Михаилу Григорьевичу было неуютно среди этих хорошо и дорого одетых людей. Лица некоторых из них ему были знакомы. Он кивал им. Получал вежливый кивок в ответ. Но не более того.
Поняв, в конце концов, что пора и честь знать, Ласточкин засобирался домой. Никто не возражал.
Прощаясь с дочерью, Михаил Григорьевич, до этого державший себя в руках, вдруг заплакал. Дочь, не зная, как вести себя в такой ситуации попыталась успокоить его, спросила, как дела, работает ли, на что Ласточкин по обыкновению, стал врать, что всё в порядке. Работа есть, платят хорошо.
Помявшись еще немного в дверях, словно размышляя, поцеловать, не поцеловать, он решил не делать этого. Развернулся и пошел к лифту
Дочь, разумеется, не поверила ему. От неё не укрылись ни до невозможности изношенные ботинки отца, ни его свитер на голое тело, ни какая-то безысходность в его слезливых глазах.
Она стояла в дверном проеме и смотрела, как отец, угловато поддергивая ногу, подошел к лифту и нажал кнопку. Обернувшись, он кивнул ей головой, чтобы уходила.
Дорогая металлическая дверь почти беззвучно закрылась, и Ласточкин остался один. Голоса из квартиры стихли. Слезы вдруг сами по себе хлынули из его глаз. Они катились по щекам старого актерского лица и падали на пол. Словно очнувшись, Ласточкин, полез в карман за носовым платком. Вместе с платком он неожиданно для себя обнаружил в кармане несколько тысячных купюр. Сообразив, что, скорее всего, это дочь втихаря сунула ему деньги, он рванулся к двери и нажал на звонок.
Когда дочь снова открыла дверь, дочь только успела увидеть сомкнувшиеся дверки лифта. Деньги лежали на полу у входа.
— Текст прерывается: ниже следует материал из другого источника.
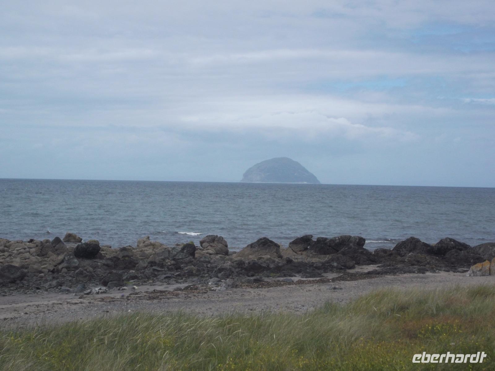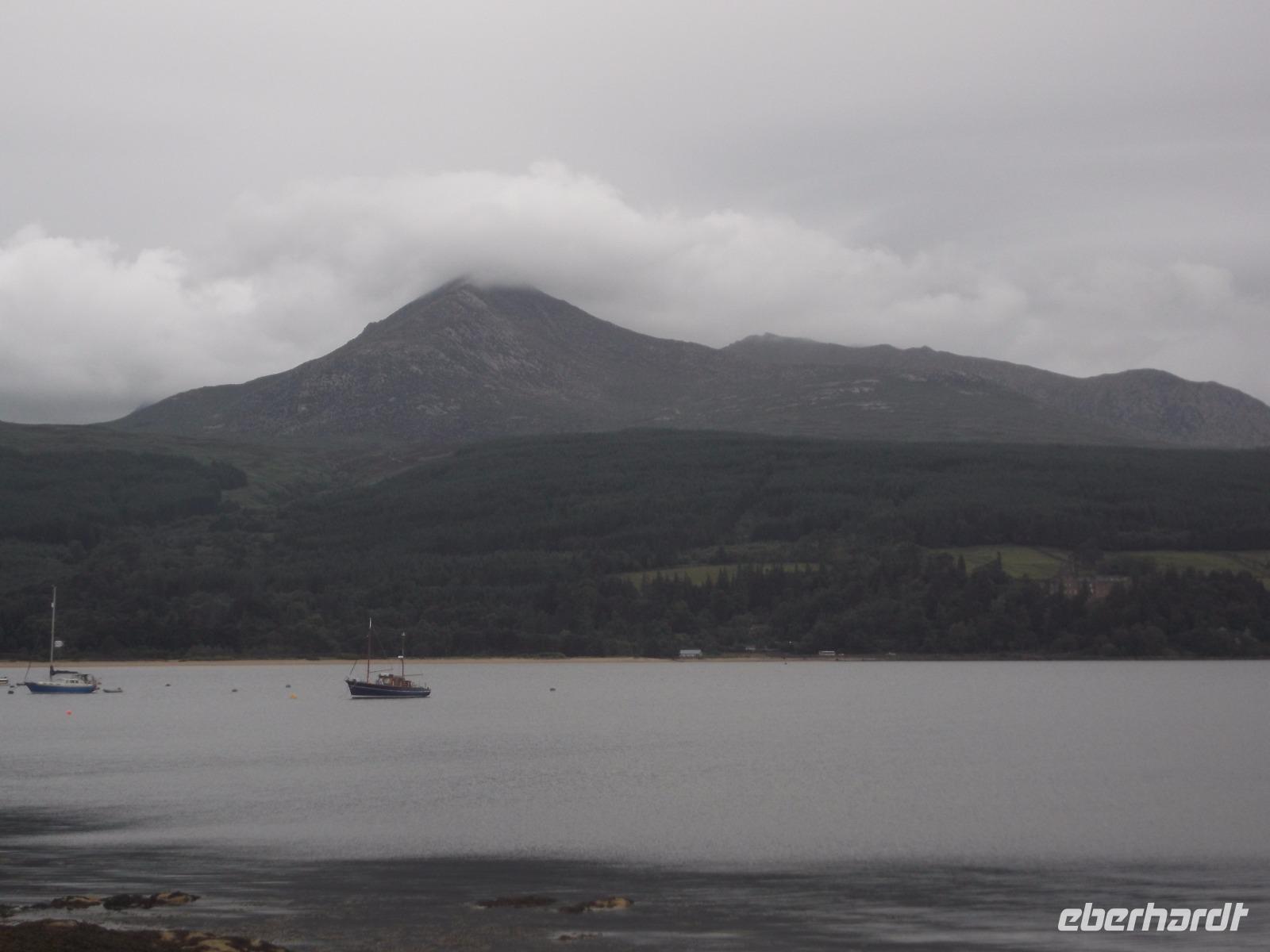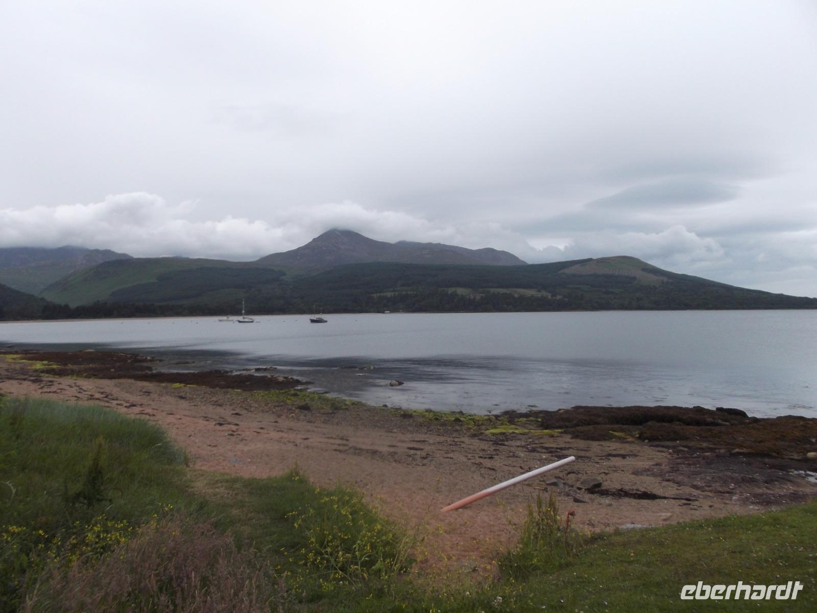 Tagesziel für heute war die Insel Arran. Sie liegt ganz im Süden der Mündung des großen, durch Glasgow fließenden Flusses Clyde im Atlantik zwischen dem schottischen Hauptland und der riesigen Halbinsel Kintyre. Das über 400 km² große Eiland ist ungefähr so groß wie die Urlaubsinsel Usedom, wirkt aber mit ihrem fast 900 m hoch aufragenden Berg Goatfell recht gewaltig. Aufgrund der landschaftlichen Vielfalt wird die Insel manchmal auch „Mini-Schottland" genannt, denn man findet hier fast alle Landschaften, für die Schottland ansonsten bekannt ist. Zunächst fuhren wir in den Fähranleger des Hafenstädchens Ardrossan, von dem uns die Morgenfähre in den Hauptort von Arran, das Städtchen Brodick, brachte. Die Schiffe der größten schottischen Fährgesellschaft Caledonian McBrayne erreichen Arran nach etwa 50 Minuten Überfahrt. Wie vielfältig die Insel wirklich ist, konnten wir zunächst im Museum of Arran Life erfahren, das wir am Rand von Brodick nach wenigen Fahrminuten erreichten. In einem Bauerngehöft kann man sich mit Lebensweise und Traditionen der Insel bekannt machen. Der nächste Stopp ermöglichte uns zwei der drei bekanntesten Produkte von Arran zu erwerben: sehr leckeren Käse und besonders, hier hergestelltes Parfum. Für seinen Inselkäste mit seltenen Geschmacksrichtungen wie Whisky oder Rotweinist Arran bekannt. Auf dem Weiteren Weg entlang der Küstenstraße Richtung Norden erreichten wir die Gegend der Sandsteinfelsen zwischen den kleinen Dörfchen Corrie und Sannox. In der weit ins Land reichenden Felsbank aus überwiegend rotem Sandstein gab es einst einen riesigen Steinbruch, dessen Steine mit Booten zu vor der Küste ankernden Schiffen gebracht wurden. Zahlreicher Gebäude in Ayr, anderen Küstenorten und sogar Glasgow sind aus diesen Steinen errichtet.

- Ну и дурак! – так прокомментировал поступок Ласточкина его давний друг Тыркин, такой же «актер» как он сам. – Она тебе дочь, или кто? Обязана помогать.
Тыркин наполнил две стопки и поставил бутылку лимонной на стол.
- Не могу я у неё денег брать. Не могу, понимаешь ты это, дурья твой голова, или нет? – Ласточкин уставился в пол.
- Ладно! Давай, помянем представившуюся рабу божью! – Тыркин поднял стакан.
Выпили не чокаясь. Тыркин закусил салом с хлебом и откинулся на стуле.
- Внучка за зятя спряталась. Кто я им? Чего они от меня видели? – продолжал Ласточкин, глядя куда-то в пространство. – Я ж, даже леденца поганого не принес, а она мне деньги.
- Так принес бы, - Тыркни снова начал разливать.
- То-то и оно, принес бы! – Ласточкин опрокинул стопку, снова не закусив. – То-то и оно, Ваня.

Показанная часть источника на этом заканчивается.